Exercise requirements: The answer should reproduce every entry exactly and contain no images.

(Recorded data)
=======

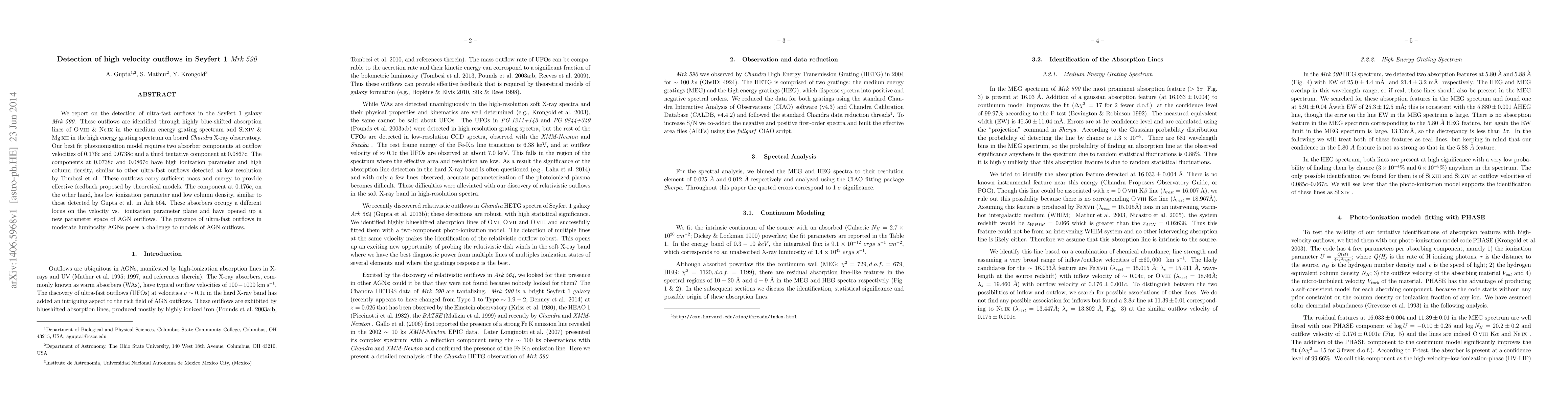 This paper reports the detection of ultra-fast outflows in the Seyfert 1 galaxy Mrk 590 using Chandra X-ray Observatory data, identifying two main outflow components at velocities of 0.176c and 0.0738c, and a tentative third component at 0.0867c. These outflows provide effective feedback and challenge existing models of AGN outflows.
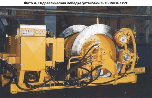 На установках К-703МТП-127Г применяется гидроприводная лебедка фирмы «Лидан Марин АБ» (Швеция). Основой лебедки является гидравлический привод барабана от высокомоментных гидромоторов «Викинг», соединенных непосредственно с барабаном.
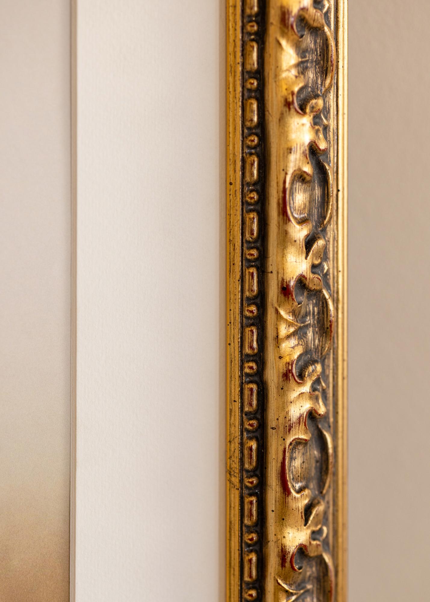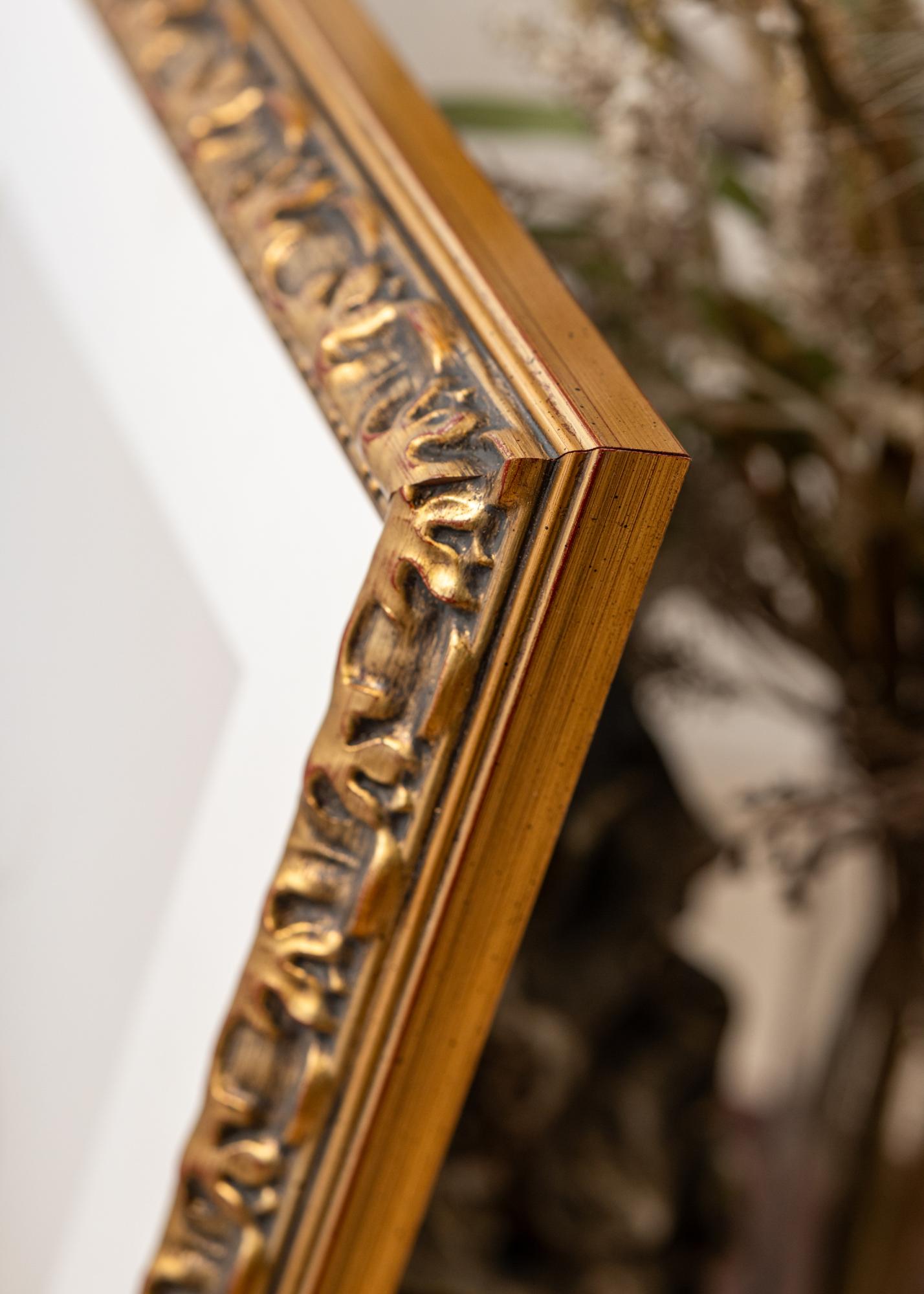 Η κορνίζα Freyja Χρυσό είναι μια κομψή και εκλεπτυσμένη κορνίζα φωτογραφιών που προσφέρει στις εικόνες σας πολυτελή παρουσίαση. Με τη χρυσή της επιφάνεια και τα πολύπλοκα στολίδια, γίνεται ένα εντυπωσιακό στοιχείο σε οποιοδήποτε δωμάτιο. Η παλαιωμένη εμφάνισή της, με σκούρες πατιναρισμένες λεπτομέρειες και λεπτά κόκκινα στοιχεία, ενισχύει τον ρουστίκ χαρακτήρα της κορνίζας και προσδίδει διαχρονική γοητεία.
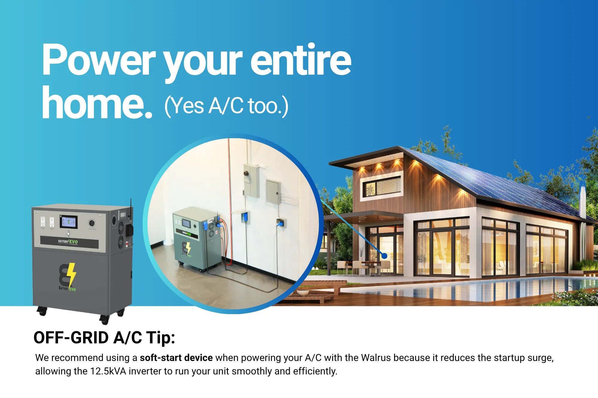 Introducing the BatteryEVO 330Ah 22 kWh AC110/220V WALRUS G3 Battery with an 12.5k Inverter.
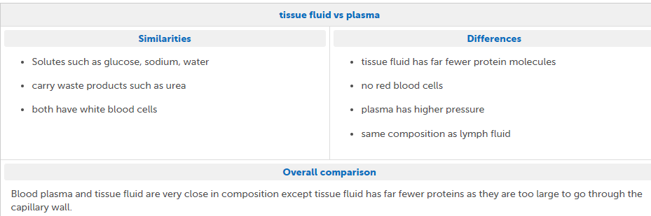 Tissue fluid vs plasma

=======

Written response:
 This paper reports the detection of ultra-fast outflows in the Seyfert 1 galaxy Mrk 590 using Chandra X-ray Observatory data, identifying two main outflow components at velocities of 0.176c and 0.0738c, and a tentative third component at 0.0867c. These outflows provide effective feedback and challenge existing models of AGN outflows.
 На установках К-703МТП-127Г применяется гидроприводная лебедка фирмы «Лидан Марин АБ» (Швеция). Основой лебедки является гидравлический привод барабана от высокомоментных гидромоторов «Викинг», соединенных непосредственно с барабаном.
 Η κορνίζα Freyja Χρυσό είναι μια κομψή και εκλεπτυσμένη κορνίζα φωτογραφιών που προσφέρει στις εικόνες σας πολυτελή παρουσίαση. Με τη χρυσή της επιφάνεια και τα πολύπλοκα στολίδια, γίνεται ένα εντυπωσιακό στοιχείο σε οποιοδήποτε δωμάτιο. Η παλαιωμένη εμφάνισή της, με σκούρες πατιναρισμένες λεπτομέρειες και λεπτά κόκκινα στοιχεία, ενισχύει τον ρουστίκ χαρακτήρα της κορνίζας και προσδίδει διαχρονική γοητεία.
 Introducing the BatteryEVO 330Ah 22 kWh AC110/220V WALRUS G3 Battery with an 12.5k Inverter.
 Tissue fluid vs plasma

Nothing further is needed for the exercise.